Firstly, it’s the kissing - everyone kisses each other on the cheek. It’s a greeting, instead of saying ‘hi,’ or ‘hello,’ like we would in England, they give each other a kiss on each cheek. Often, the kiss is a substitute for words, and the whole exchange is a silent affair. Everyone participates in the kissing ritual; the young, the old, male, female, strangers and friends. I kiss my friends, I’ve been kissed on the cheek by people I’ve just met, I kiss the teachers at the school, and even if I’m in a hurry, I am still expected to make time to give an acquaintance a quick kiss on the cheek as I rush past them. I don’t mind it – in fact, I quite like it, I think that it quickly turns strangers into acquaintances, and acquaintances into friends.

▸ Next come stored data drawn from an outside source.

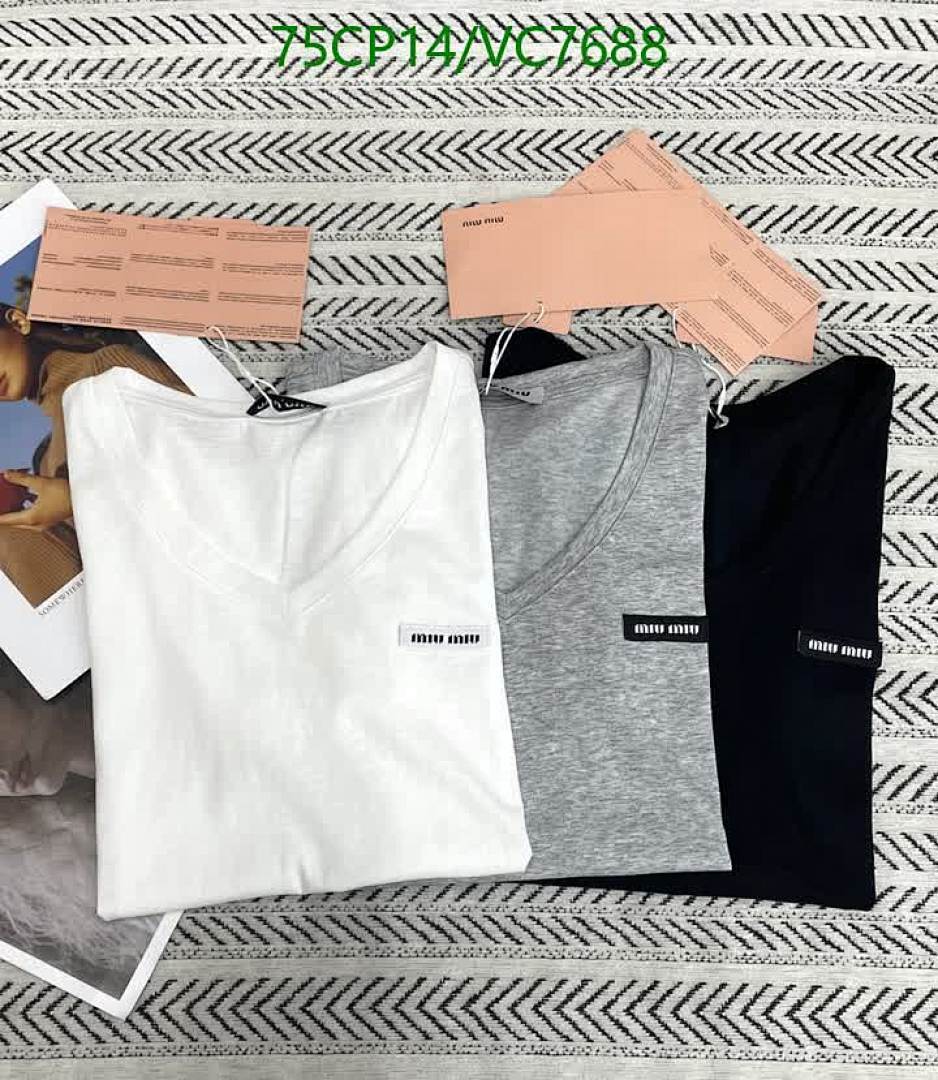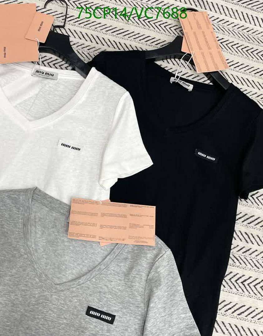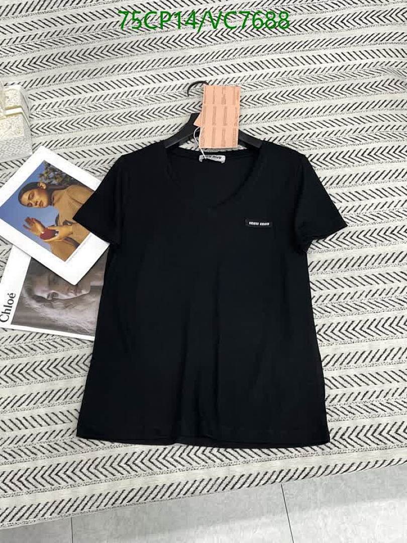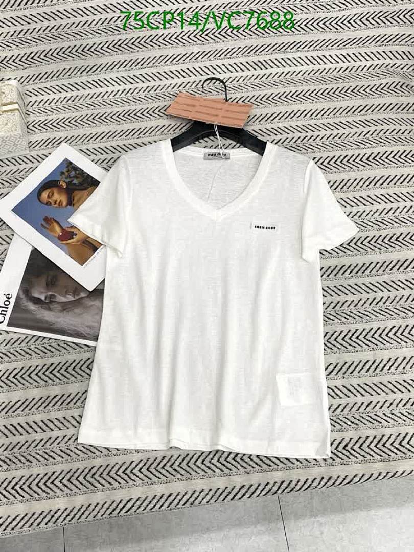 Miu Miu Women's Cotton V-Neck T-Shirt - Comfortable & Stylish Basic Tees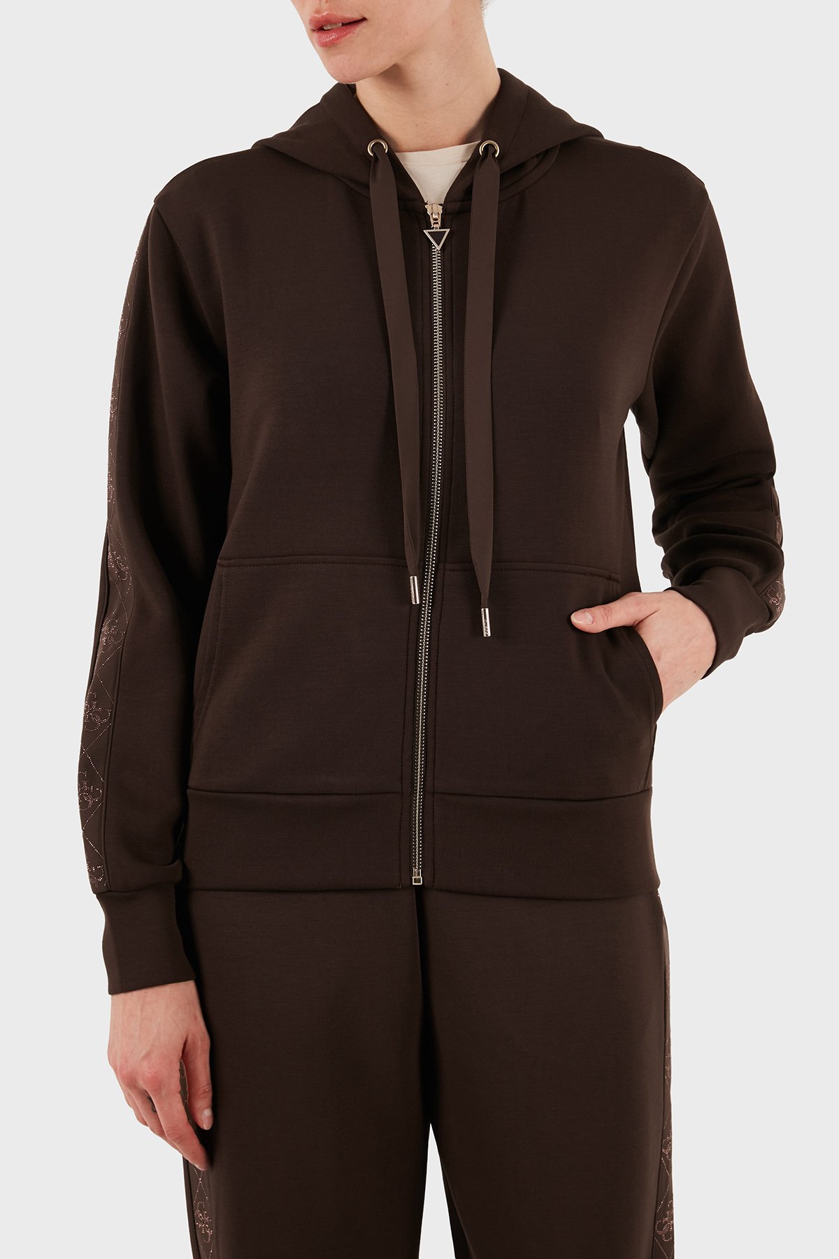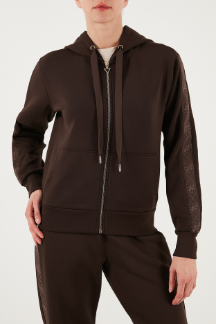 New Hooded Regular Fit Kapüşonlu Yaka Logolu Fermuarlı W5YQ05KBYE2 Bayan Sweat W5YQ05 KBYE2 G1EB KAHVE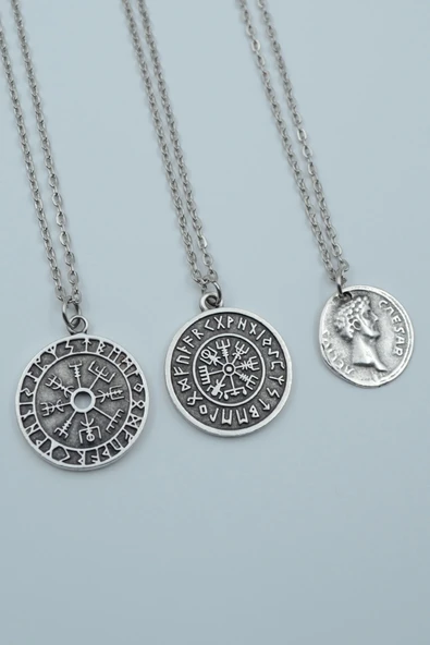 3'lü Viking Pusula Tılsım Sezar Sikke - Caesar Gümüş Kaplama Kolye Seti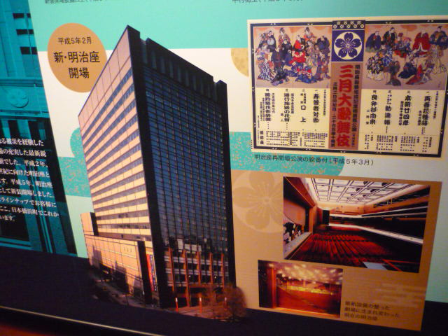 20日には出ていなかった門松と国旗が明治座前に。ホワイエには明治座の年譜もありました。(140年らしい)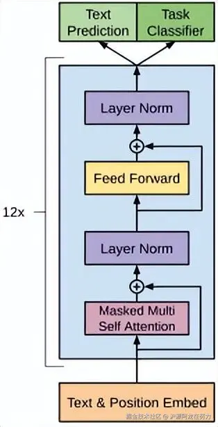 GPT-1采用了12层解码器堆叠,每个解码器层包含掩码多头自注意力(12头)和前馈网络两个子层,模型维度为768。与原始Transformer的一个关键区别在于:GPT-1使用了可学习的位置嵌入(learnable positional embedding) ,而非不可训练的三角函数编码。这意味着模型可以在训练过程中自动优化位置向量。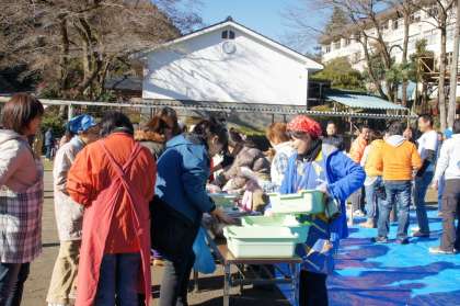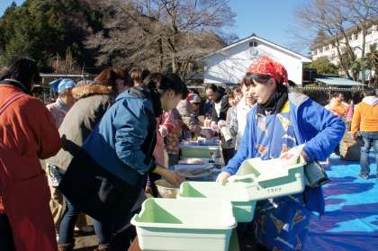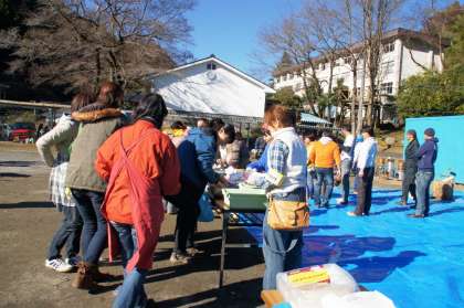 早朝よりPTAや地域の方達が「もちつき会」の準備をしてくださいました。子ども達が校庭に来る前に、何臼かおもちをつきました。そして、「まぶし」も始まりました。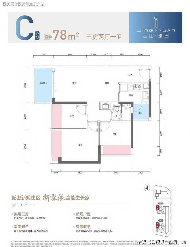 78㎡3房2厅1卫:折后总价165-180万,单价2.11-2.3万/㎡,最低首付可灵活操作,完美适配年轻刚需;

Another thing that I’ve noticed is that people here in France are much more open with people they don’t know. For example, in England, you would generally only talk to a stranger on public transport only if completely necessary, perhaps, for example, to ask where the bus stops next. However, on long train journeys people have often stuck up conversation with me for no reason other than to have a chat to pass the time, and I really enjoy being able to share, even for a brief period of time, a part of my life and my story with someone else. In fact, I find people to be less reserved when it comes to talking to strangers in general; a few days ago I got talking to a woman in the fruit section of a supermarket as she gave me her opinions the benefits and disadvantages of oranges grown in Spain!
Whatever stereotypes there may be about French people, I have found that they are, for the most part, open and at ease talking to strangers, which makes me too, more comfortable with them, and ultimately, more willing to practice my French!
How do you greet people in your country? What would a visitor to your country find unusual?